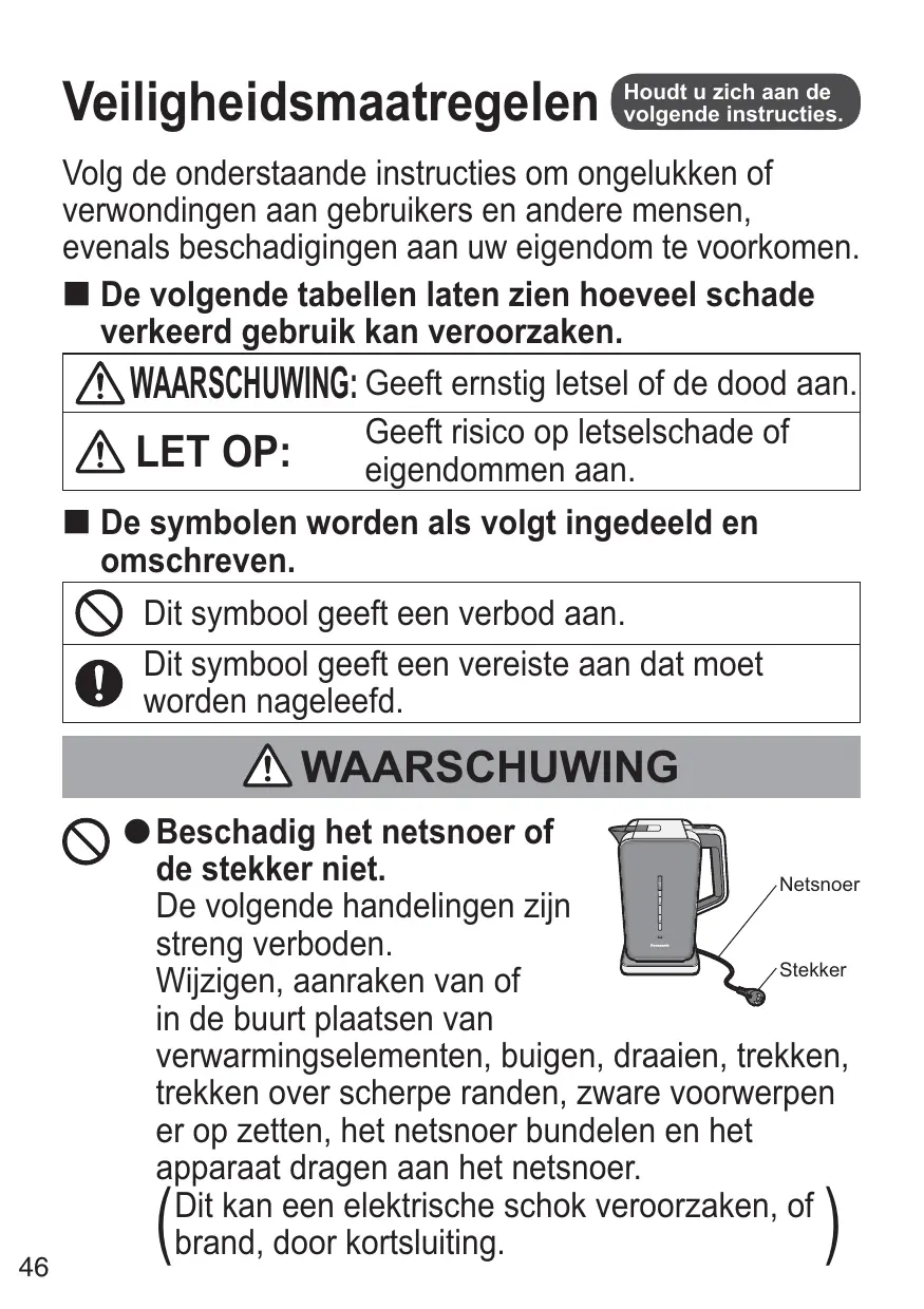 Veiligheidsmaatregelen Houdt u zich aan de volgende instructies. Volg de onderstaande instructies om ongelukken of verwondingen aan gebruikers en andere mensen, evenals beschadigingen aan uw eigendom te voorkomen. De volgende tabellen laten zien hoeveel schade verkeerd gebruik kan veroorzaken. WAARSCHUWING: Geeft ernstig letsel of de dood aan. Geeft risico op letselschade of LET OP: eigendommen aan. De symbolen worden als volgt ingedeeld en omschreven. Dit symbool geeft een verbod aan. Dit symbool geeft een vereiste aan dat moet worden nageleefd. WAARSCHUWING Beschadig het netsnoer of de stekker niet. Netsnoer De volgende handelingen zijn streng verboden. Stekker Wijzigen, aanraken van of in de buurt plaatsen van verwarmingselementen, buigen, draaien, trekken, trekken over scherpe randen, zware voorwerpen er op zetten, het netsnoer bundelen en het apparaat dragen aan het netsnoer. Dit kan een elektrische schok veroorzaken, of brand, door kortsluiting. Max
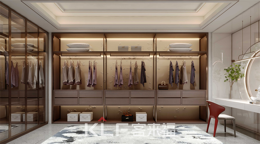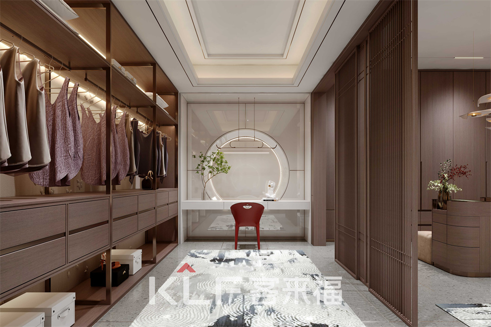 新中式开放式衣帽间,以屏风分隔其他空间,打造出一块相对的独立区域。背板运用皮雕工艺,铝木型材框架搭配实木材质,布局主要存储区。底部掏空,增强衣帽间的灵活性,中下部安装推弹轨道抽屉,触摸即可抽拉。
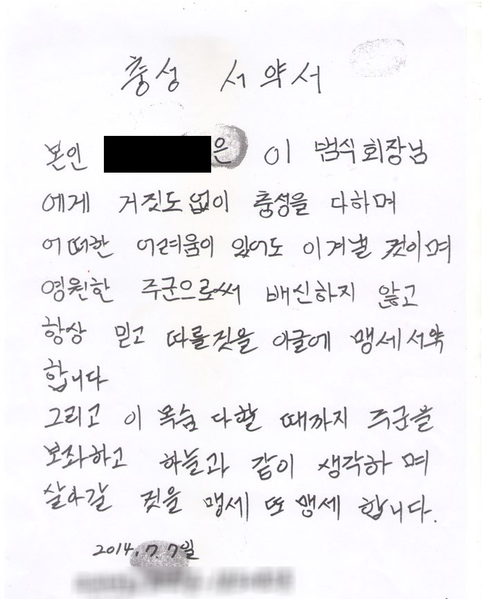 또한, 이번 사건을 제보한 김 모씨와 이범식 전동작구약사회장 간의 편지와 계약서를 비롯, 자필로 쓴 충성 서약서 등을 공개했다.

= = =

*HOW TO COMPLETE THIS TASK:* Output the data exactly. Leave every picture out.

*TASK OUTPUT:*
 Veiligheidsmaatregelen Houdt u zich aan de volgende instructies. Volg de onderstaande instructies om ongelukken of verwondingen aan gebruikers en andere mensen, evenals beschadigingen aan uw eigendom te voorkomen. De volgende tabellen laten zien hoeveel schade verkeerd gebruik kan veroorzaken. WAARSCHUWING: Geeft ernstig letsel of de dood aan. Geeft risico op letselschade of LET OP: eigendommen aan. De symbolen worden als volgt ingedeeld en omschreven. Dit symbool geeft een verbod aan. Dit symbool geeft een vereiste aan dat moet worden nageleefd. WAARSCHUWING Beschadig het netsnoer of de stekker niet. Netsnoer De volgende handelingen zijn streng verboden. Stekker Wijzigen, aanraken van of in de buurt plaatsen van verwarmingselementen, buigen, draaien, trekken, trekken over scherpe randen, zware voorwerpen er op zetten, het netsnoer bundelen en het apparaat dragen aan het netsnoer. Dit kan een elektrische schok veroorzaken, of brand, door kortsluiting. Max
 新中式开放式衣帽间,以屏风分隔其他空间,打造出一块相对的独立区域。背板运用皮雕工艺,铝木型材框架搭配实木材质,布局主要存储区。底部掏空,增强衣帽间的灵活性,中下部安装推弹轨道抽屉,触摸即可抽拉。
 또한, 이번 사건을 제보한 김 모씨와 이범식 전동작구약사회장 간의 편지와 계약서를 비롯, 자필로 쓴 충성 서약서 등을 공개했다.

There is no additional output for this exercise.